Records supplied

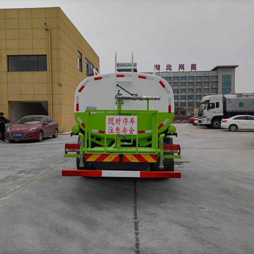 4.灑水車前噴頭位置較低,靠近地面,噴灑壓力較大,可用于沖洗路面;后噴頭位置較高(灑水車后噴頭一般左右各安裝一個(gè)),灑水面較寬,可用于公路施工灑水,使用后噴頭時(shí),應(yīng)將前噴管關(guān)閉;使用可調(diào)噴頭灑水時(shí),灑水寬度可根據(jù)需要調(diào)整。灑水寬度越寬,中間重疊量越少,灑水密度越均勻。
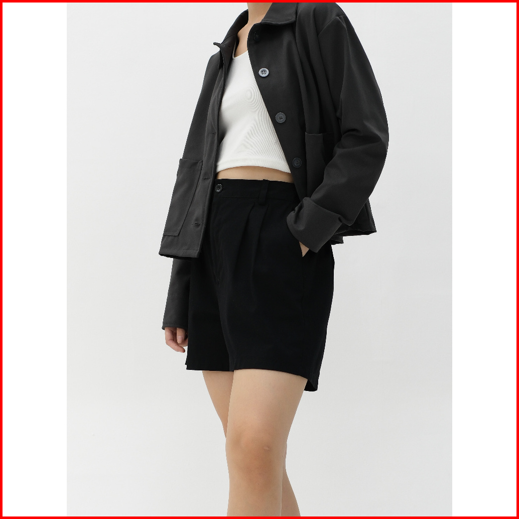 Short Pants Wanita Louise Hulm High Waist Katun Polyester
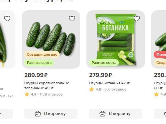 - Magnit sells mid-fruited cucumbers at a discount for 134.99 rubles per 500 grams (about $1), short-fruited — for 224.5 rubles (about $2).
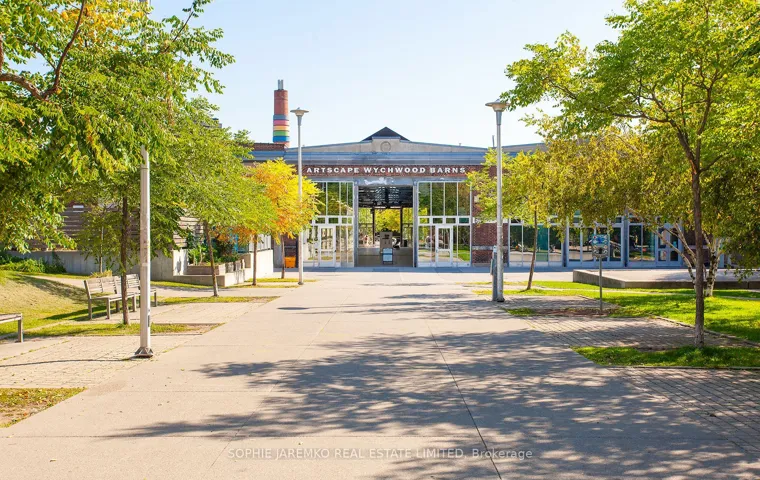 +"PublicRemarks": "A Hidden Gem in the Heart of Toronto! This bright and spacious 2-bedroom suite offers 860 square feet of thoughtfully designed living space with excellent flow! Featuring classic hardwood parquet flooring, a cozy central kitchen, and bedrooms on opposite sides (the only such layout!) for added privacy. This suite is filled with gorgeous natural light thanks to an impressive 45 feet of windows! Enjoy oodles of storage with five closets and a large storage locker, plus an exclusive use surface parking space. The building has been lovingly maintained, with a fully refurbished interior in 2024, and a complete exterior restoration in 2017. Located directly across from the vibrant Artscape Wychwood Barns, enjoy the year-round farmers' market, greenspaces, off-leash dog park, playgrounds, splash pad, beach volleyball and winter skating and outdoor curling! Just steps from all of the action of the St. Clair Ave. West shops, restaurants and cafes! Easy access to TTC's Subway Lines 1 & 2. This is a truly special home in one of Toronto's most vibrant and community-driven neighbourhoods! **********MONTHLY MAINTENANCE FEE INCLUDES: Property Tax!, Heat, Water, Common Elements as per declaration, Building Insurance, Bell Fibe TV & 5G Internet.*************"
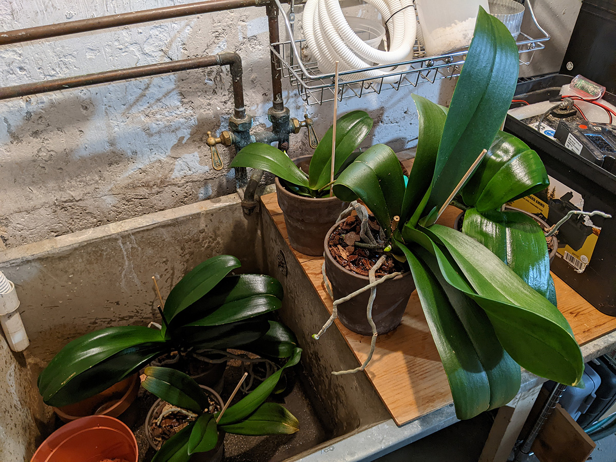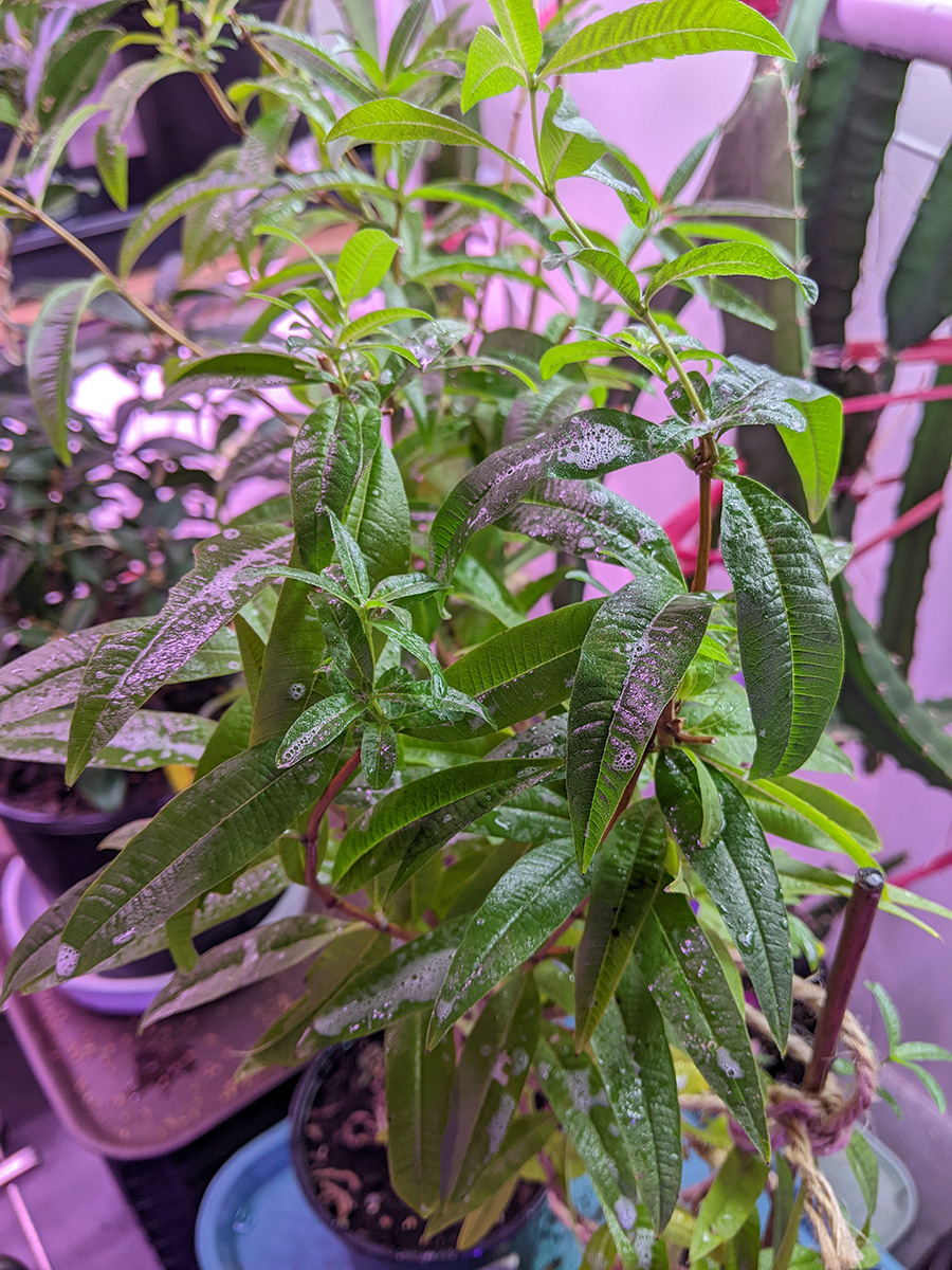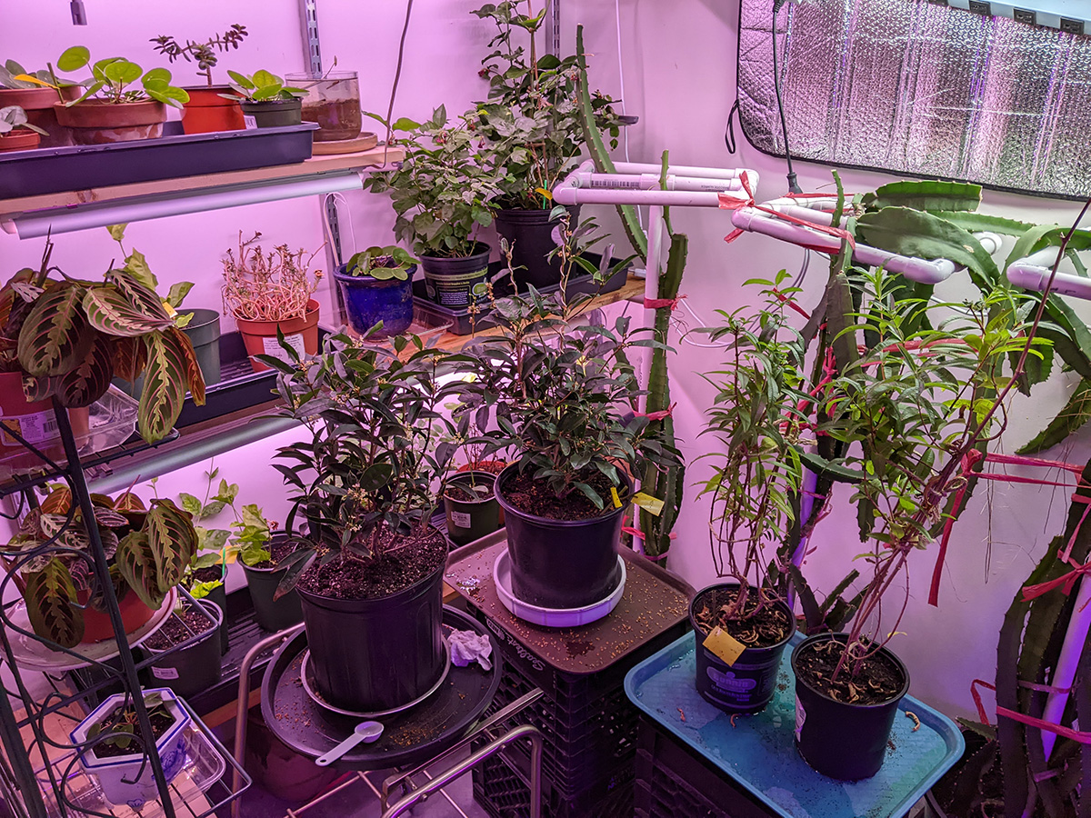 first thing i did when i got to belmont was to water the plants in the grow room. yesterday we soaked two buckets of rain water with mosquito bits, and today used them to do a soil drench. all things considered, the plants have been relatively free of bugs. there's still some fungus gnats, but not the infestation levels i've seen in the past before we starting doing Bti-treated soil drenches. inspecting the jasmines, i did find a few mealybugs which i sprayed with neem oil. i'm wondering if the systemic pesticide is working because we haven't seen any infestations. i also found a few mealybugs on the gardenia which i treated with some neem oil spray as well. now that we trimmed the cactuses, the aphids have moved onto the lemon verbana. i treated them with insecticidal soap. later i soaked the orchids with Bti-infused water spiked with a bit of orchid fertilizer.

How to complete this task
Everything from the first line of the entries through the line containing "- Magnit sells" is to be transcribed exactly; the pictures are not.

Answer below
 4.灑水車前噴頭位置較低,靠近地面,噴灑壓力較大,可用于沖洗路面;后噴頭位置較高(灑水車后噴頭一般左右各安裝一個(gè)),灑水面較寬,可用于公路施工灑水,使用后噴頭時(shí),應(yīng)將前噴管關(guān)閉;使用可調(diào)噴頭灑水時(shí),灑水寬度可根據(jù)需要調(diào)整。灑水寬度越寬,中間重疊量越少,灑水密度越均勻。
 Short Pants Wanita Louise Hulm High Waist Katun Polyester
 - Magnit sells mid-fruited cucumbers at a discount for 134.99 rubles per 500 grams (about $1), short-fruited — for 224.5 rubles (about $2).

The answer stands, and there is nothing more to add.